The Ras family of small G-proteins is constituted of 36 members and sub-grouped into to “the Ras-proteins” (H-Ras, K-Ras, N-Ras, M-Ras and R-Ras), “the Ral-proteins” (RalA and RalB), “the Rap-proteins” (Rap1A, Rap1B, Rap2A, Rap2B and Rap2C) and “the rest” (the remaining 24 members). “The Ras-proteins”, are established oncogenes and frequently found mutated in tumours (Karnoub and Weinberg, 2008). The Ral-GEFs Rgl1, Rgl2/Rlf, Rgl3 and RalGDS connect Ras signalling to “the Ral-proteins”. These GEFs contain a Ras Association (RA) domain at their C-terminus which binds specifically to the GTP bound form of Ras. This allows Ras·GTP to recruit the RalGEFs to membrane compartments where Ral is localised as well. “The Ral-proteins” are involved in the control of exocytosis (Moskalenko et al., 2002), endocytosis (Jullien-Flores et al., 2000), gene regulation (de Ruiter et al., 2000) and cellular transformation (Urano et al., 1996, White et al., 1996). They are in part responsible for the transforming phenotype of oncogenic Ras mutations and recently got attention in cancer therapy due to the development of Ral-targeting small molecules (Yan et al., 2014).

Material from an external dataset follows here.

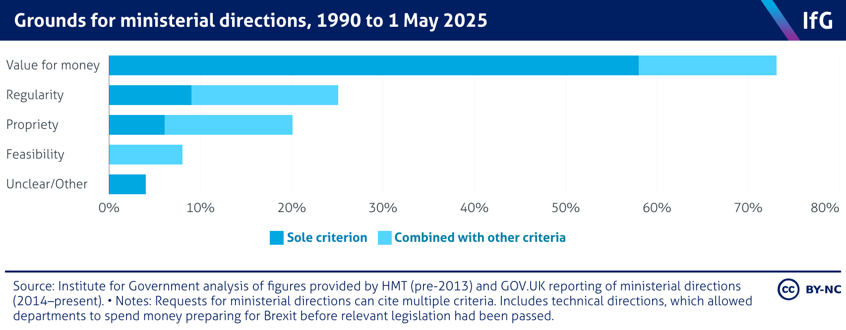 A stacked bar chart from the Institute for Government showing grounds for ministerial directions since 1990. Around three-quarters of ministerial directions have been on the grounds of value for money, either as a sole criterion or combined with other criteria. Feasibility has been rarely used, and has not been used as a sole criterion for a ministerial direction.

In addition to the RA domain at the C-terminus Ral-GEFs contain a REM domain and a CDC25-homology domain (CDC25-HD) at the N-terminus. REM domains co-occur with CDC25-HD (Quilliam et al., 2002). They mainly stabilise the fold of the CDC25-HD but the REM-domain of SOS, a Ras-GEF, is also involved in an allosteric regulation of exchange activity (Sondermann et al., 2004). The CDC25-HD mediates the guanine nucleotide exchange activity and is found in GEFs for G-proteins of the Ras-family. While GEFs for the Ras-, Rap-, and Ral-proteins are known, GEFs for “the rest” are unknown (Popovic et al., 2013b). Based on their specificity the GEFs are classified as Ras-, Rap- and Ral-GEFs. Ral-GEFs are assumed to be truly Ral-specific (Albright et al., 1993, Ferro et al., 2008, Wolthuis et al., 1997), while some Ras-/Rap-GEFs act on both Ras- and Rap-proteins and are thus crossing the subgroup border. The selectivity of Ras- and Rap-GEFs was systematically analysed and the amino acid residues in the G-proteins that determine selectivity were identified (Popovic et al., 2013b). The findings were rationalised based on the known crystal structures of CDC25-HD in complex with small G-proteins, the crystal structures of the Ras-GEF SOS1 in complex with H-Ras (Boriack-Sjodin et al., 1998) and the Rap-GEF Epac2 in complex with Rap1B (Rehmann et al., 2008). However, the selectivity of RalGEFs was not analysed and it is unclear how selectivity towards Ral-proteins is achieved. This aspect will be addressed here.